Collections.sort(list);
    List<String> unsorted = Arrays.asList(
            "1 09:53 AM 5",
            "2 06:25 PM 7",
            "3 10:21 AM "
    );
    List<String> sorted = unsorted.stream()
            .sorted(comparing(this::stringToTime))
            .collect(toList());
    sorted.forEach(System.out::println);

This requires the method stringToTime with a couple of supporting constants as follows:

// Used to parse the time string to a LocalTime
private static final DateTimeFormatter TIME_FORMATTER = new DateTimeFormatterBuilder()
        .appendPattern("hh:mm a")
        .toFormatter(Locale.ENGLISH);

// Regex pattern that picks out the time string
private final static Pattern TIME_PATTERN = Pattern.compile("\\d\\d:\\d\\d [AP]M");

private LocalTime stringToTime(String input) {
    Matcher matcher = TIME_PATTERN.matcher(input);
    matcher.find(); // Find time pattern in string
    return LocalTime.from(TIME_FORMATTER.parse(matcher.group())); // Convert time string to LocalTime
}

There is no "out of box" solution in Java. If you need to sort a collection of objects in a custom way, you should use Collections.sort(collection, myComparator) method and pass it the collection to sort and own java.util.Comparator interface implementation.
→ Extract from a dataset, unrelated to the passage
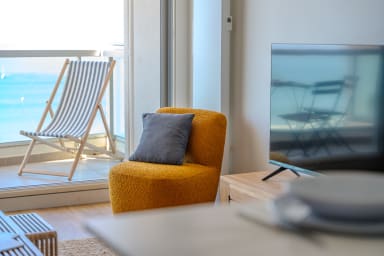 - Un salon cosy avec grande baie vitrée ouverte sur la mer et un canapé convertible

In your case, the Comparator implementation seems to be quite complicated, since you need to parse each string and recognize the date at first. So the main problem here is how to recognize time in a string . If you have determined time format, consider regular expressions to extract time from strings.

First of all, you need to implement your own time recognition logic. Then you can write a parser based on this recognition logic, that would return you a wrapper object containing original string and parsed date (you can use java.util.Date or java.util.LocalDateTime in case of Java 8). Then implement the Comparator that takes 2 instances of the wrapper object and compares their dates. Both java.util.Date and java.util.LocalDateTime classes implement Comparable interface and have default comparison logic, that uses ascending date comparison.